Many of the extinct paravians with hindwings are predatory to some extent (microraptorans, Archaeopteryx, likely the enantiornitheans and anchiornithids), so the analogy to modern raptors is not a bad idea. Some are not (omnivoropterygids, possibly Pedopenna) but similar pressures towards shock absorption would make sense since these were still arboreal animals that likely landed against branches multiple times.
In most cases, the “hindwings” are seldomly more complex than the long feathers of modern birds of prey. Only microraptorans and anchiornithids have large airfoils mirroring the true wings; this could imply a more unique role, but personally I don’t see how they would differ significantly from the function in other flying dinosaurs. As noted previously, Microraptor was not an agile sky-meister like a Cretaceous peregrine falcon, just something that either flew ‘normally’ like a parrot or flapped for short distances like a turkey. Its hindwings were exaggerated but most likely not functionally any different from those of other dinosaurs, perhaps even a developmental quirk like those of modern domestic pigeon and chicken breeds.
To conclude, I don’t they they particularly hint at the development of bird flight, since they evolved multiple times, but the possibility that they are ancestral to Avialae at least is worth investigating.
References
Welker, Robert Henry (1975), Natural Man: The Life of William Beebe, Bloomington, Indiana: Indiana University Press, ISBN 978–0–253–33975–1
Sankar Chatterjee, R. Templin, BIPLANE WING PLANFORM AND THE FLIGHT PERFORMANCE OF MICRORAPTOR GUI, September 2005, Journal of Vertebrate Paleontology 25(3):43A-44A
Hartman, Scott; Mortimer, Mickey; Wahl, William R.; Lomax, Dean R.; Lippincott, Jessica; Lovelace, David M. (2019). “A new paravian dinosaur from the Late Jurassic of North America supports a late acquisition of avian flight”. PeerJ. 7: e7247. doi:10.7717/peerj.7247. PMC 6626525. PMID 31333906.
Federico L. Agnolín & Fernando E. Novas (2013). “Avian ancestors.
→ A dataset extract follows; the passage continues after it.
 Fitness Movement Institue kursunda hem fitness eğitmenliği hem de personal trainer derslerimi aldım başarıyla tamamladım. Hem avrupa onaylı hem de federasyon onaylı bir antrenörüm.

A review of the phylogenetic relationships of the theropods Unenlagiidae, Microraptoria, Anchiornis and Scansoriopterygidae”. SpringerBriefs in Earth System Sciences: 1–96. doi:10.1007/978–94–007–5637–3. ISBN 978–94–007–5636–6. S2CID 199493087.
Dececchi, T.A.; Larsson, H.C.E.; Habib, M.B. (2016). “The wings before the bird: an evaluation of flapping-based locomotory hypotheses in bird antecedents”. PeerJ. 4: e2159. doi:10.7717/peerj.2159. PMC 4941780. PMID 27441115.
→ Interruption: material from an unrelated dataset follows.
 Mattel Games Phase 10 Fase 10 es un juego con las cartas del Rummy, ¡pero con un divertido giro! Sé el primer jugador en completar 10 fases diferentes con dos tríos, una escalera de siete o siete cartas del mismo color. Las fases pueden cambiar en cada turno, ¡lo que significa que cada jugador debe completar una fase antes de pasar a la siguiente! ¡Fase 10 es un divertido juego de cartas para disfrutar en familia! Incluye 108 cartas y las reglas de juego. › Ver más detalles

Pei, Rui; Pittman, Michael; Goloboff, Pablo A.; Dececchi, T. Alexander; Habib, Michael B.; Kaye, Thomas G.; Larsson, Hans C.E.; Norell, Mark A.; Brusatte, Stephen L.; Xu, Xing (2020). “Potential for Powered Flight Neared by Most Close Avialan Relatives, but Few Crossed Its Thresholds”. Current Biology. 30 (20): 4033–4046.e8. doi:10.1016/j.cub.2020.06.105. PMID 32763170.
Dececchi, T. Alexander; Larsson, Hans C. E.; Pittman, Michael; Habib, Michael B. (2020). “High flyer or high fashion? A comparison of flight potential among small-bodied paravians” (PDF). Bulletin of the American Museum of Natural History. 440: 295–320.